Bonds Basics

Bonds are one of the investment vehicles used by investors.  Simply put, bonds are loans made by investors to the government or a corporation.  These ‘loans’ have different maturities and government/corporation should pay investor back the original investment and interest, which could be paid monthly, quarterly, semi-annually or annually.  It basically works the same way as a mortgage, only in this case the consumer/investor is the one providing a loan.

As briefly mentioned, bond is an investment vehicle.  As with any investment, investor should understand different types, characteristics and risk/reward potential of bonds.

Bond Types:

Government bonds – issued by federal, state or local governments.  Traditionally considered the most secure bonds.  The security depends on the government rating, government stability and economic activity.  At the moment US is one example of the government whose bonds are AAA (for now), the highest safety rating.  Traditionally, the higher the rating of the bond the lower interest it pays.  Not all government bonds are rated AAA or are considered as safe given their instability, economic problems or history.  As an example Russia’s bonds are not AAA partly due to a relatively recent default (1990’s) and they do offer a higher level of interest payments.

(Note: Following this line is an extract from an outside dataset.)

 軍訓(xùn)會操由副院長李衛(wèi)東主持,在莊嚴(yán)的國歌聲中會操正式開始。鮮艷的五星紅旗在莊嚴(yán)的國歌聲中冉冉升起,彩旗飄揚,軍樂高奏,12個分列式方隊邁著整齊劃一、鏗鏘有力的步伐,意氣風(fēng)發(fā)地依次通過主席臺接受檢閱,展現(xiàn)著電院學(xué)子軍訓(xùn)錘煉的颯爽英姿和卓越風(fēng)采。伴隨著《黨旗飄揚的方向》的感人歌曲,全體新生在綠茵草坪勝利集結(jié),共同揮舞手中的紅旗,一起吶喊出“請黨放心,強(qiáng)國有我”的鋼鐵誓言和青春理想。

Corporate bonds – issued by  corporations.  There are only few corporations in the world whose bonds are rated AAA and considered the safest.  As with government bonds the rating of corporate bonds depends on its management, business activity and future business/profitability prospects.

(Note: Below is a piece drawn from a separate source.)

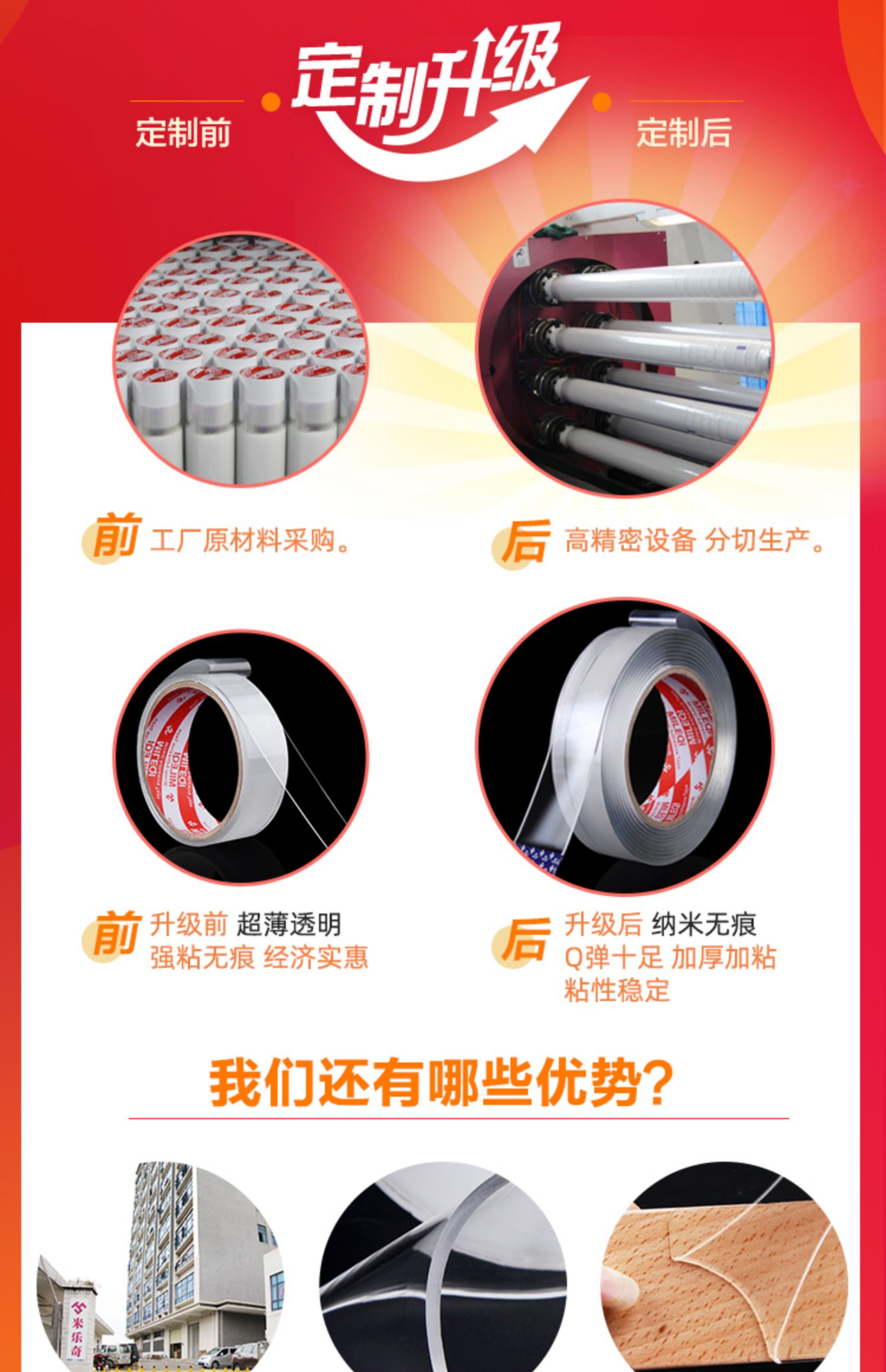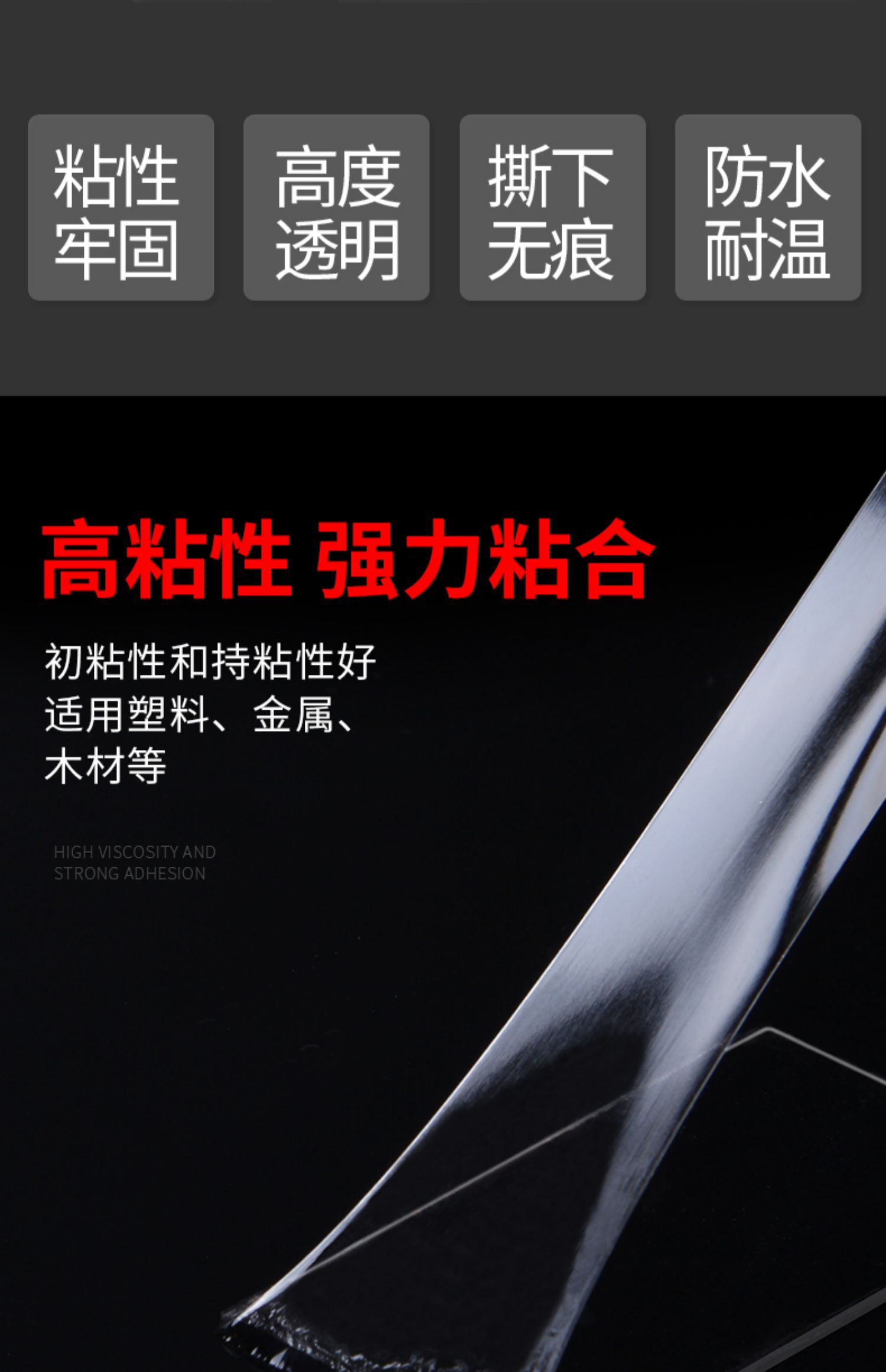 防水防潮,万次纳米双面胶,粘性强,耐高温,超防水,抗拉伸,无残胶,应用范围广,随意粘贴,独立成贴,随用随贴,可水洗万次魔力纳米胶带!!!

Ratings – Bonds can be insured and therefore considered to be the safest.  One of the bond guarantee companies is MBIA.  Investment grade bonds – bonds with the BBB or higher rating by S&P.  Though investment grade bonds may not be guaranteed they are traditionally considered to be a safer investment as opposed to High Yield (Junk) bonds.  Junk bonds are rated below BBB by S&P and there are rated below investment grade for a reason.  They may have business problems, future earnings visibility problems…

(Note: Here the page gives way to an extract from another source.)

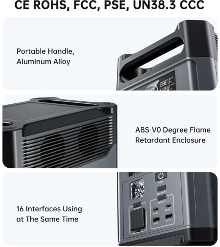 Ви зможете використовувати цю електростанцію як аварійне чи резервне джерело живлення для свого телефону, невеликого вентилятора, ноутбука, радіо тощо. Вона оснащена двома розетками змінного струму потужністю до 2400 Вт, автомобільною розеткою 12В / 10А, двома портами USB-A з потужністю до 18 Вт кожен, двома USB-C з максимальною потужністю 30 Вт і 100 Вт відповідно. Підтримує протоколи швидкого заряджання Power Delivery та Quick Charge 3.0. Підтримка Wi-Fi та Bluetooth дозволяє керувати станцією через мобільний додаток: вмикати/вимикати порти, контролювати заряд, встановлювати таймери, отримувати сповіщення про рівень енергії та стан системи — все прямо зі смартфона.

Now, after the above quick crash course in bonds, let’s move on to benefits and downside of bonds.

Pros:

Income – great way to compliment your other cash flow.  Income provides somewhat of a cushion during turbulent economic times.  Or plainly one can live off of income, if enough is generated.

Par value – is the amount that should be returned to investor at the maturity.  This provides a way of knowing whether you are paying a premium or a discount for investment. 

Diversification – traditionally bonds have had a lower correlation to other asset classes such as equities.  Diversification is a great way to protect portfolio from high volatility.

Par value – I wanted to mention this again because not many investments out there can tell you how much you might expect at maturity.

Lower rated bonds – combination of higher income and equity-like performance characteristics may provide superior returns to other asset classes.

Cons:

Lower rated bonds can be volatile

Bonds can still default and investors may lose value

During rising interest rate periods bond prices tend to fall

The top reason to be invested in bonds is the fixed Income component.  You always know, unless there is another 2008/2009, how much income you will be receiving from your investments.  The income that you receive is hard, cold cash in your pocket.  Income is certainty and certainty is something that is hard to come by in the investment world.